Aaron Bertrand reminds us that TANSTAAFL:
Not too long ago, I came across a table that had 15,000 partitions—all but 4 of them empty. I bet when you have implemented partitioning you, too, have wondered: “Why shouldn’t I create all future partitions now?”
The question is valid: wouldn’t maintenance be easier if you only had to phase out old partitions, without ever worrying about adding partitions to accommodate new data?
Here’s the thing. Microsoft will never tell you this, but empty partitions are not free. I don’t mean you will get an invoice for creating too many, but you will pay for them in other ways.

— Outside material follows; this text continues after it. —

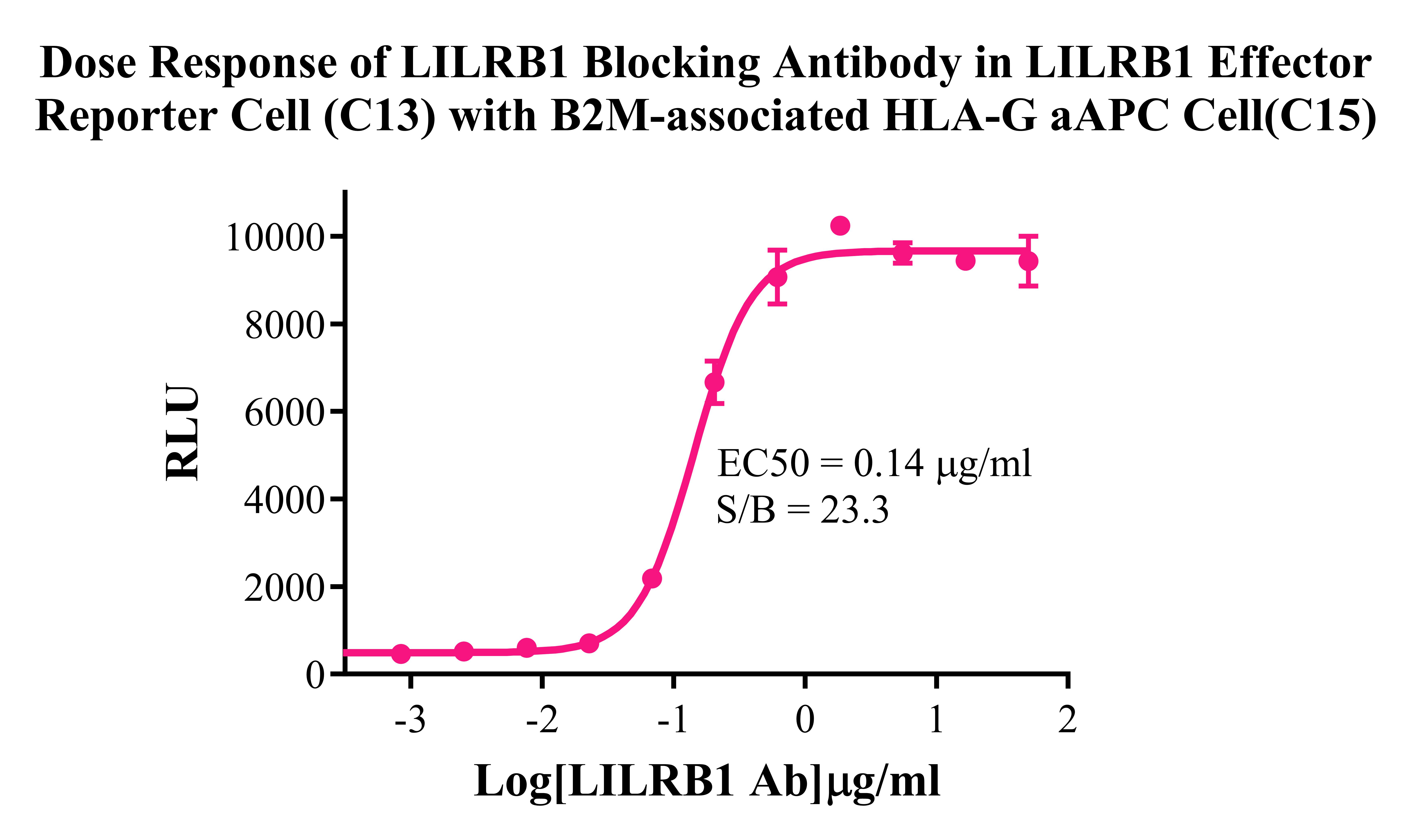 Figure 2.Dose Response of LILRB1 Blocking Antibody in LILRB1 Effector Reporter Cell (C13)With B2M-associated HLA-G/aAPC Cells (C15).  |

I think the reason people do this sort of thing is that partition management is harder than it really needs to be in SQL Server. Adopting the partitioning process for dedicated SQL pools in Azure Synapse Analytics would be a good start but consider that partitions are almost always date or numeric intervals (often pseudo-date numbers like 20220601 to represent June 1, 2022) and allow people to create partitions based on the key and have the system manage it. I’m being vague and hand-wavey and not talking about all of the edge cases (like if some dope puts in a date for 22220601 instead of 20220601) but I think some PARTITION RANGE RIGHT ON [DateWK] INTERVAL MONTHLY WITH MAX_FUTURE_PARTITIONS=2, MAX_MAINTAINED_PARTITIONS=48, PARTITION_ARCHIVAL_TABLE=History.MyTable
or something like that would cut to the core of what partition management does without writing thousand-line scripts full of dynamic SQL trying to manage these things.